Sunday, June 3, 2018

Jeffrey Schwarz's funny, sad, and very full-bodied doc, THE FABULOUS ALLAN CARR

So far as the market for gay-themed documentaries goes -- along with plenty of other themes, too -- a fellow by the name of Jeffrey Schwarz has it pretty much cornered. With 315 producing credits under his belt, 122 as director and another 36 as editor, this guy won't even hit 50 years old until next year. Having been thoroughly entertained, not to mention enlightened by his documentaries, I Am Divine, Tab Hunter Confidential, Vito, and now his latest work, TrustMovies is not merely surprised by all that Mr. Schwarz has done, but how well he has accomplished this, and how relatively low a profile he's managed to keep while doing it, especially since he has been nominated for a bunch of awards over the years, winning maybe half of these.
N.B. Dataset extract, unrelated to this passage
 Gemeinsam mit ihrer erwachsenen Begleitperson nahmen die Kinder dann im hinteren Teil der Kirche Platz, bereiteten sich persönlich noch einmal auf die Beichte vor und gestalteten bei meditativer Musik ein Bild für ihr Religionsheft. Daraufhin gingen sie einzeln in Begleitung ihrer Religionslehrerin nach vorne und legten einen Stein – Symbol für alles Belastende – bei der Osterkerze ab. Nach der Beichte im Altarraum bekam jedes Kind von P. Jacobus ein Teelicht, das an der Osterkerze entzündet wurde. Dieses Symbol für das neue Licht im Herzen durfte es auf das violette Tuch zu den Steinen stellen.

Impressive!

THE FABULOUS ALLAN CARR, Schwarz's most recent work (the filmmaker is pictured at left), gives us the life and times of yet another gay icon, one who -- thanks to the culture and mores in and around which he lived -- was what you might call "closeted in plain sight."

Allan Carr (born Allan Solomon), shown below in his heyday, was a Jewish kid from Chicago who, though he didn't excel at much of anything -- from studies to sports -- had a love for theater and movies that was to serve him (pretty) well throughout his life.
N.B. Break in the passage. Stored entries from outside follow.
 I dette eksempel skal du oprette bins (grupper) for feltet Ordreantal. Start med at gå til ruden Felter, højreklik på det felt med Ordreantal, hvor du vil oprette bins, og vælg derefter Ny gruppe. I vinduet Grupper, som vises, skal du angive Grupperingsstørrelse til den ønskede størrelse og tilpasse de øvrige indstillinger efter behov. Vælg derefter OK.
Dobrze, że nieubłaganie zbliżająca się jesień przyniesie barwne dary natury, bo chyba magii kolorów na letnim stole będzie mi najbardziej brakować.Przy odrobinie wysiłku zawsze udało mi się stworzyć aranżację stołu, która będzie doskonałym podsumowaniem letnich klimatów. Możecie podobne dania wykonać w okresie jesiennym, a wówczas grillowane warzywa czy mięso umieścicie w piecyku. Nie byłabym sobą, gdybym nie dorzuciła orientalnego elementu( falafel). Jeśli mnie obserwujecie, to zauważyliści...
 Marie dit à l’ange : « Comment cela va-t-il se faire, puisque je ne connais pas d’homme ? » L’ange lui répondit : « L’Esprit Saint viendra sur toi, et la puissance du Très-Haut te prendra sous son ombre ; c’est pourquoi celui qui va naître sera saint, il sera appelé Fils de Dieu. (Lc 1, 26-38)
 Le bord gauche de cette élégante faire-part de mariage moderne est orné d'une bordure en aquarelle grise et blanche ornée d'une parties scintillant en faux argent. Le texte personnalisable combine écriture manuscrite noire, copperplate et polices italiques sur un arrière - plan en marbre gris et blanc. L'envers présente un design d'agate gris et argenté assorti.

Carr's career began with productions of high-class theater (that ultimately flopped), and then on to work in agenting and management, producing for both television and film, and finally -- with the Broadway production of the musical, La Cage aux Folles, back to theater again -- this time much more successfully.
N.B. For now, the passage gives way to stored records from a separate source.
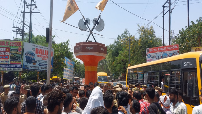 आगरा के परशुराम चौक पर अराजक तत्वों की हरकत से ब्राह्मण समाज में भारी आक्रोश फैल गया, जिसके चलते तीन घंटे तक प्रदर्शन हुआ। पुलिस ने 48 घंटे में आरोपियों की गिरफ्तारी और सख्त कार्रवाई का आश्वासन दिया, जिसके बाद धरना समाप्त हुआ।
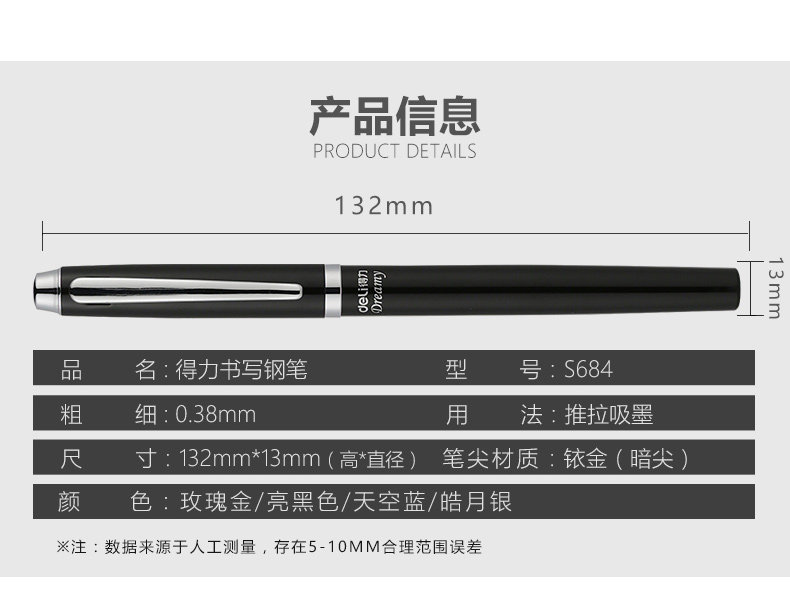 Deli S684 Student Pen Primary and Secondary School Student Office Signature Pen Dark Nib Iridium Gold Pen Metal Calligraphy Practice Pen
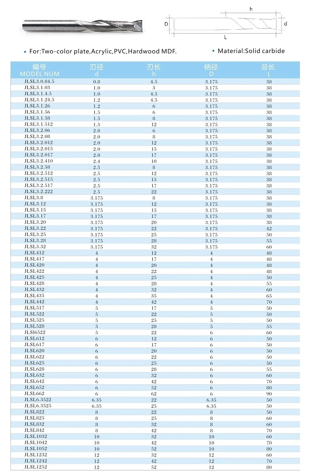Material | Solid Carbide Spiral Router Bit |
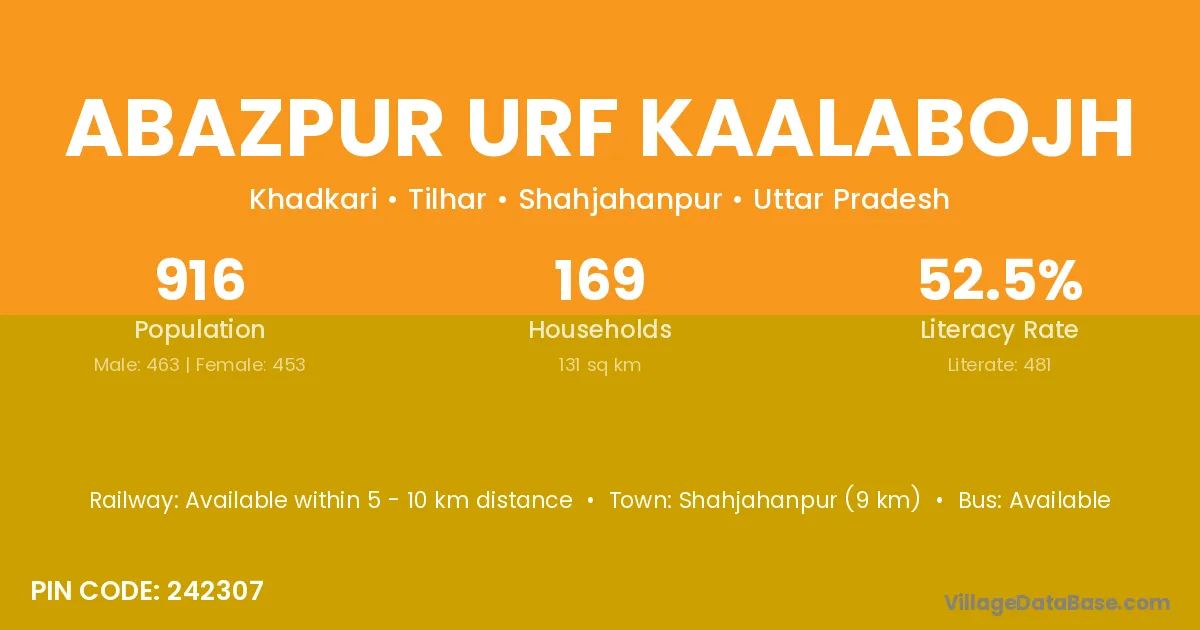 Abazpur Urf Kaalabojh village has a total population of 916 people, of which 463 are males and 453 are females.
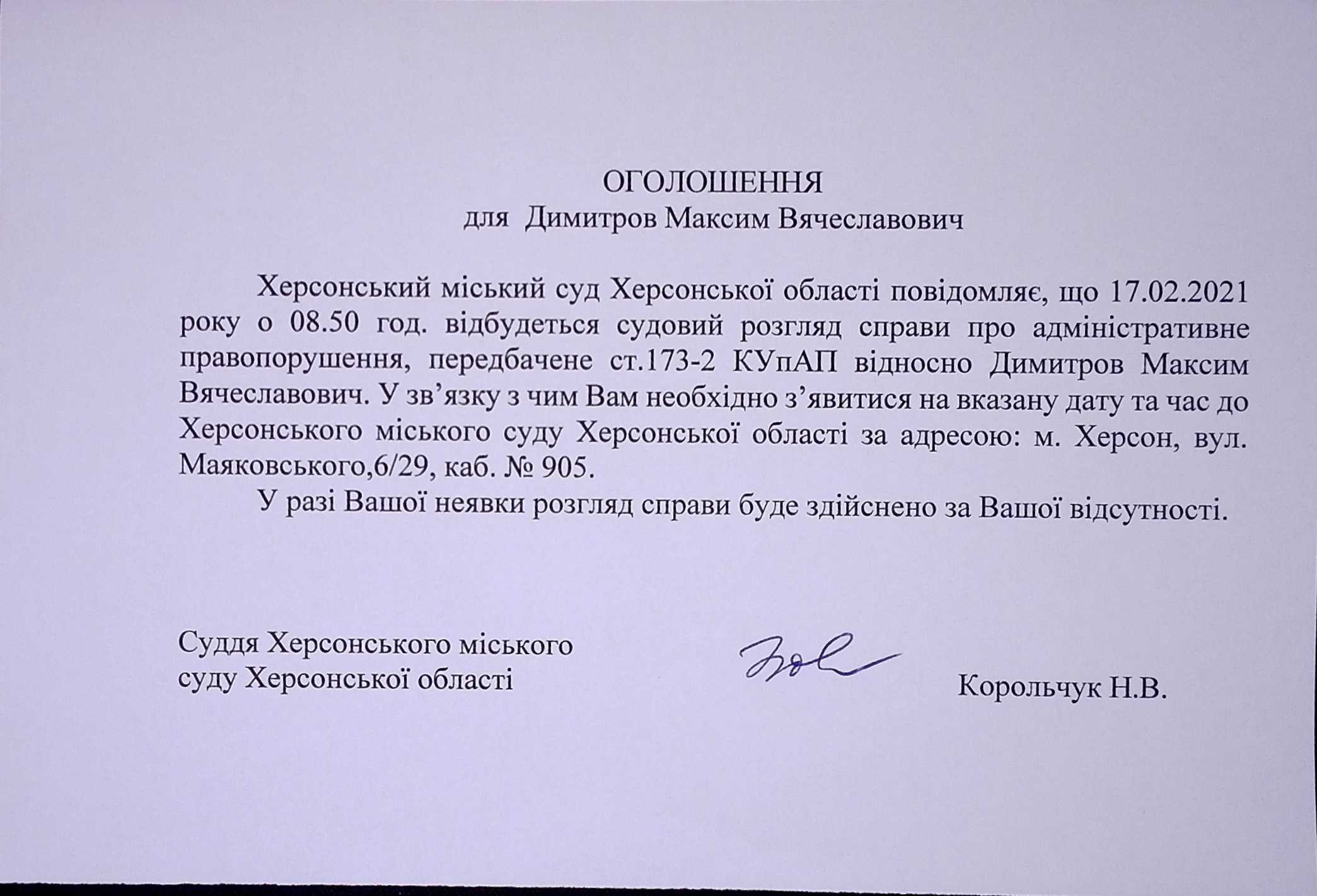 ОГОЛОШЕННЯ для Димитрова Максима Вячеславовича

Schwarz shows us all of this via archival footage and photos, interviews with longtime friends and co-workers (some of whom, Lorna Luft in particular, come off as more like frenemies) that, together, build a nicely varied, warts-and-all look at this bizarre gay icon of entertainment.

Interestingly, similar amounts of time are given to Carr's bombs -- Can't Stop the Music and his embarrassing 1989 Academy Awards show opening number (click and watch for a excruciating walk down memory lane) -- as to his hits like La Cage and his movie adaptation the Broadway musical, Grease. All this just adds to the doc's fair-minded quality, allowing us to see how this bastion of exquisite taste (above and below) managed to move his finger from the pulse of what America wanted in entertainment to something more like an autopsy.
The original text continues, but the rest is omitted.